Could you print all the entries below exactly as they appear, omitting the pictures?
-- Provided records follows --
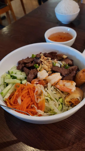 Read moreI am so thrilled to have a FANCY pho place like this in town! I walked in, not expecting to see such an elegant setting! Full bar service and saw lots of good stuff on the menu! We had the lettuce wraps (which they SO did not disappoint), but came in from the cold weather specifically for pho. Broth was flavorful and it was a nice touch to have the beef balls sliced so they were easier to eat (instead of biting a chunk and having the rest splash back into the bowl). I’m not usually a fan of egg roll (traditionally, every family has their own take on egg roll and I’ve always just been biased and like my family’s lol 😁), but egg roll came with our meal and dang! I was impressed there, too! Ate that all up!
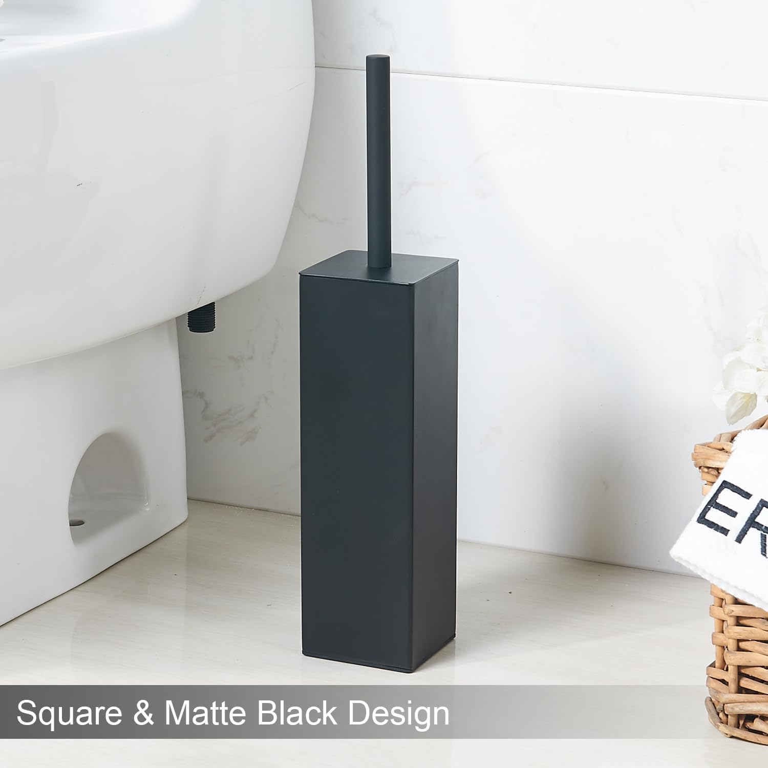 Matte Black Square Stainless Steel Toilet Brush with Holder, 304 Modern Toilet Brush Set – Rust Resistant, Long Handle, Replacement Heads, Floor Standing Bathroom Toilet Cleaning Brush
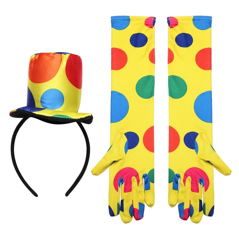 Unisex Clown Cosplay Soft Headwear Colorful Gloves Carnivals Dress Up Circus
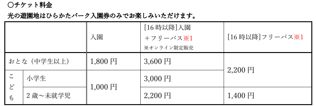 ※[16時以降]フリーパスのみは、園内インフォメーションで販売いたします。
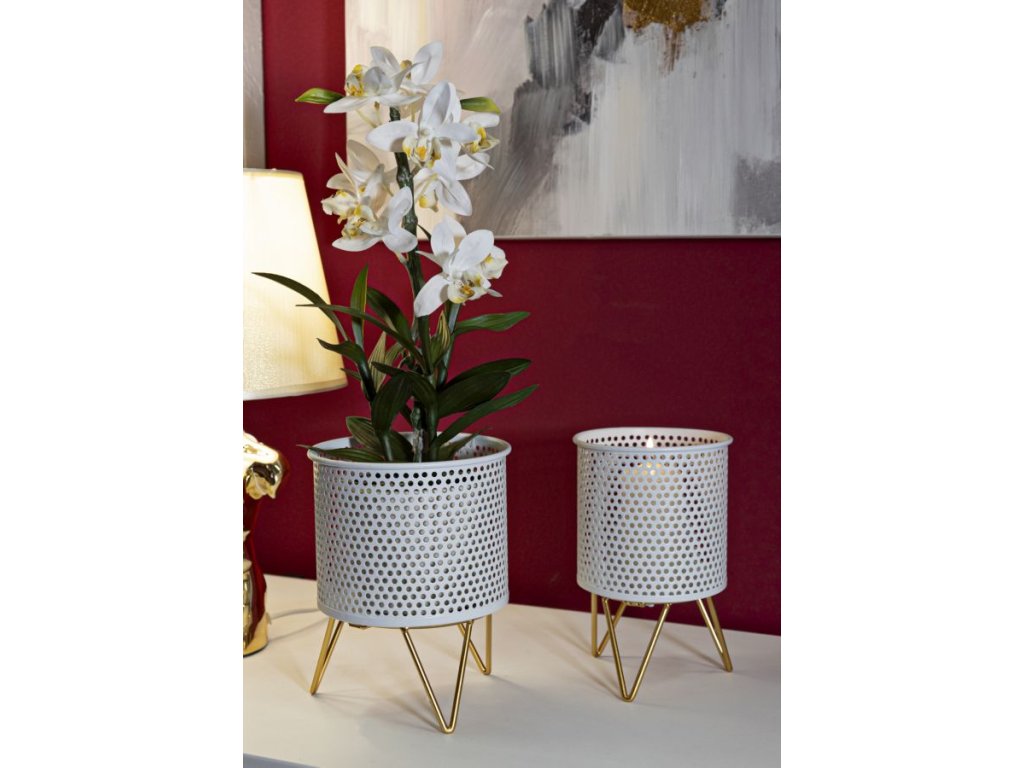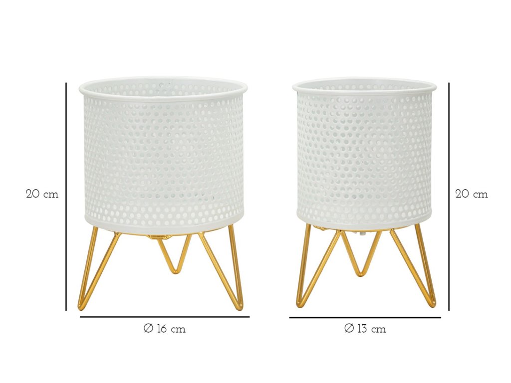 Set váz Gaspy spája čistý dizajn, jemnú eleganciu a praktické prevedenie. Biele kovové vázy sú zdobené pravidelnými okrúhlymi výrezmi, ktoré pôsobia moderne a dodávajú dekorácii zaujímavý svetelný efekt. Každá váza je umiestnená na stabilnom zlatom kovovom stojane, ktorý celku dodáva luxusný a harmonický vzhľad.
-- Provided records concluded --
# Solution
 Read moreI am so thrilled to have a FANCY pho place like this in town! I walked in, not expecting to see such an elegant setting! Full bar service and saw lots of good stuff on the menu! We had the lettuce wraps (which they SO did not disappoint), but came in from the cold weather specifically for pho. Broth was flavorful and it was a nice touch to have the beef balls sliced so they were easier to eat (instead of biting a chunk and having the rest splash back into the bowl). I’m not usually a fan of egg roll (traditionally, every family has their own take on egg roll and I’ve always just been biased and like my family’s lol 😁), but egg roll came with our meal and dang! I was impressed there, too! Ate that all up!
 Matte Black Square Stainless Steel Toilet Brush with Holder, 304 Modern Toilet Brush Set – Rust Resistant, Long Handle, Replacement Heads, Floor Standing Bathroom Toilet Cleaning Brush
 Unisex Clown Cosplay Soft Headwear Colorful Gloves Carnivals Dress Up Circus
 ※[16時以降]フリーパスのみは、園内インフォメーションで販売いたします。
 Set váz Gaspy spája čistý dizajn, jemnú eleganciu a praktické prevedenie. Biele kovové vázy sú zdobené pravidelnými okrúhlymi výrezmi, ktoré pôsobia moderne a dodávajú dekorácii zaujímavý svetelný efekt. Každá váza je umiestnená na stabilnom zlatom kovovom stojane, ktorý celku dodáva luxusný a harmonický vzhľad.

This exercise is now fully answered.